VATICAN - La « grande annonce missionnaire » de Querida Amazonia

mercredi, 12 février 2020

Rome (Agence Fides) – L’Eglise est appelée à cheminer avec les peuples d’Amazonie et à prendre un « visage amazonien » mais « pour que cette incarnation de l’Eglise et de l’Evangile soit possible, la grande annonce missionnaire doit résonner, encore et encore ». C’est ce qu’écrit le Pape François au paragraphe 61 de sa nouvelle Exhortation apostolique post-synodale Querida Amazonia (L’Amazonie bien-aimée), texte magistériel inspiré par les travaux du Synode qui s’est tenu à Rome du 6 au 27 octobre dernier et s’est conclu par un texte intitulé « Amazonie : nouveaux chemins pour l’Eglise et pour une écologie intégrale.
La nouvelle Exhortation apostolique post-synodale publiée ce jour porte la date du 2 février dernier.

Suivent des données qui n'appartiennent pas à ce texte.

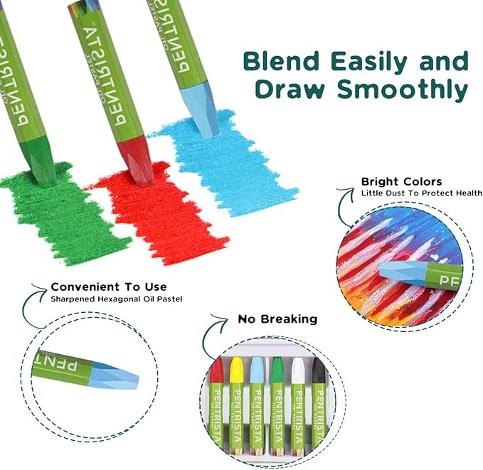 - 【Non-Toxic & Safe Materials】Oil Pastels made of high quality materials,Planter oil,Wax and Calcium Carbonate material, It's Conform to ASTM & CE Standards. Safe and Non-Toxic. These oil pastels for kids daily drawing and coloring is safe,non-irritating skin,write or paint smoothly,not easy to break and stuck.

Dans le texte, sont présents de nombreuses réflexions et passages intenses et chargés de suggestions à propos de la vocation missionnaire de l’Eglise et de ses traits distinctifs, lesquels la rendent incomparable par rapport à toutes les forces de propagande et d’endoctrinement idéologique.
« Face à tant de besoins et d’angoisses qui crient du cœur de l’Amazonie – écrit le Pape au paragraphe 62 de ce même document - nous pouvons répondre par des organisations sociales, des ressources techniques, des espaces de discussion, des programmes politiques, et tout cela peut faire partie de la solution. Mais nous ne renonçons pas, en tant que chrétiens, à la proposition de la foi que nous recevons de l’Evangile. Même si nous voulons lutter avec tous, coude à coude, nous n’avons pas honte de Jésus-Christ. Pour ceux qui l’ont rencontré, vivent dans son amitié et s’identifient à son message, il est impossible de ne pas parler de lui et de proposer aux autres sa proposition de vie nouvelle : « Malheur à moi si je n’annonçais pas l’Evangile ! » (1Co 9, 16). L’authentique option pour les pauvres et les oubliés, elle aussi, qui « nous pousse à les libérer de la misère matérielle et à défendre leurs droits, implique que nous leurs proposions l’amitié avec le Seigneur qui les promeut et leur donne dignité. Il serait triste qu’ils reçoivent de nous un code de doctrines ou une obligation morale, et non pas la grande annonce salvifique, ce cri missionnaire qui vise le cœur et donne sens à tout le reste. Nous ne pouvons pas non plus nous contenter d’un message social. Si nous donnons notre vie pour eux, pour la justice et la dignité qu’ils méritent, nous ne pouvons pas leur cacher que nous le faisons parce que nous reconnaissons le Christ en eux et parce que nous découvrons l’immense dignité que leur donne le Père qui les aime infiniment ».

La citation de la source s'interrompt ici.